Comcast is no stranger to controversy, with a penchant for aggressive cost saving measures.  It ran afoul of the U.S. Federal Communications Commission when it began throttling users' traffic, such as torrents or peer-to-peer connections (with regard for their legality).

Now Comcast appears to have landed itself in another mess with Level 3 Communications' Chief Legal Officer, Thomas Stortz, accusing it of demanding money in order to continue to allow Comcast customers to access Level 3's high speed video.  In essence, if true, that would represent Comcast spitting in the face of the net neutrality movement, and making a bold move towards a "toll booth" web as Level 3 puts it.

Mr. Stortz writes:

On November 19, 2010, Comcast informed Level 3 that, for the first time, it will demand a recurring fee from Level 3 to transmit Internet online movies and other content to Comcast’s customers who request such content. By taking this action, Comcast is effectively putting up a toll booth at the borders of its broadband Internet access network, enabling it to unilaterally decide how much to charge for content which competes with its own cable TV and Xfinity delivered content. This action by Comcast threatens the open Internet and is a clear abuse of the dominant control that Comcast exerts in broadband access markets as the nation’s largest cable provider.
On November 22, after being informed by Comcast that its demand for payment was ‘take it or leave it,’ Level 3 agreed to the terms, under protest, in order to ensure customers did not experience any disruptions.
Level 3 operates one of several broadband backbone networks, which are part of the Internet and which independent providers of online content use to transmit movies, sports, games and other entertainment to consumers. When a Comcast customer requests such content, for example an online movie or game, Level 3 transmits the content to Comcast for delivery to consumers.
Level 3 believes Comcast’s current position violates the spirit and letter of the FCC’s proposed Internet Policy principles and other regulations and statutes, as well as Comcast’s previous public statements about favoring an open Internet.
While the network neutrality debate in Washington has focused on what actions a broadband access provider might take to filter, prioritize or manage content requested by its subscribers, Comcast’s decision goes well beyond this. With this action, Comcast is preventing competing content from ever being delivered to Comcast’s subscribers at all, unless Comcast’s unilaterally-determined toll is paid – even though Comcast’s subscribers requested the content. With this action, Comcast demonstrates the risk of a ‘closed’ Internet, where a retail broadband Internet access provider decides whether and how their subscribers interact with content.
It is our hope that Comcast’s senior management, for whom we have great respect, will closely consider their position on this issue and adopt an approach that will better serve Comcast and Comcast’s customers.
While Comcast’s position is regrettable, Level 3 remains open and willing to work through these issues with Comcast. However, Level 3 does not seek any ‘special deals’ or arrangements not generally available to other Internet backbone companies.
Given Comcast’s currently stated position, we are approaching regulators and policy makers and asking them to take quick action to ensure that a fair, open and innovative Internet does not become a closed network controlled by a few institutions with dominant market power that have the means, motive and opportunity to economically discriminate between favored and disfavored content.

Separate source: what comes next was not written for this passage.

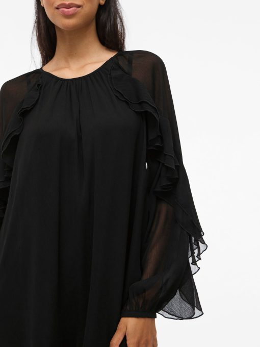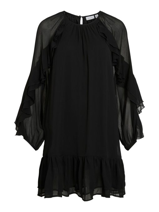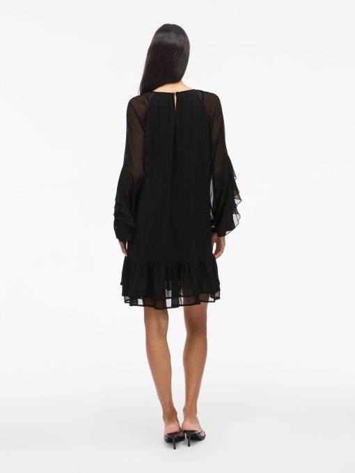 • Short dress with frill details• Long sleeves• Round neck with button-keyhole fastening• One-button cuffs• Lined body with semi-sheer overlay• Regular fit• Length: 94 cm in size 38• Sleeve length: 70 cm in size 38

Comcast is America's largest cable internet provider, so if Level 3's claims are indeed legitimate, net neutrality advocates -- including corporations like Google -- should be very concerned.  After all, other cable providers will likely follow in Comcast's lead.

If Comcast indeed succeeds in this bid, it would likely mean that the cost of internet services for users would greatly increase.  Advertising would no longer be enough to sustain sites like YouTube or Facebook, and they would have to switch to subscription fees.

The U.S. Congress and the FCC are working on legislation to prevent this kind of "pay to play" practice.  The pending legislation has generally enjoyed bipartisan support, though it has a few vocal critics, including Senator John McCain (R-Ariz.).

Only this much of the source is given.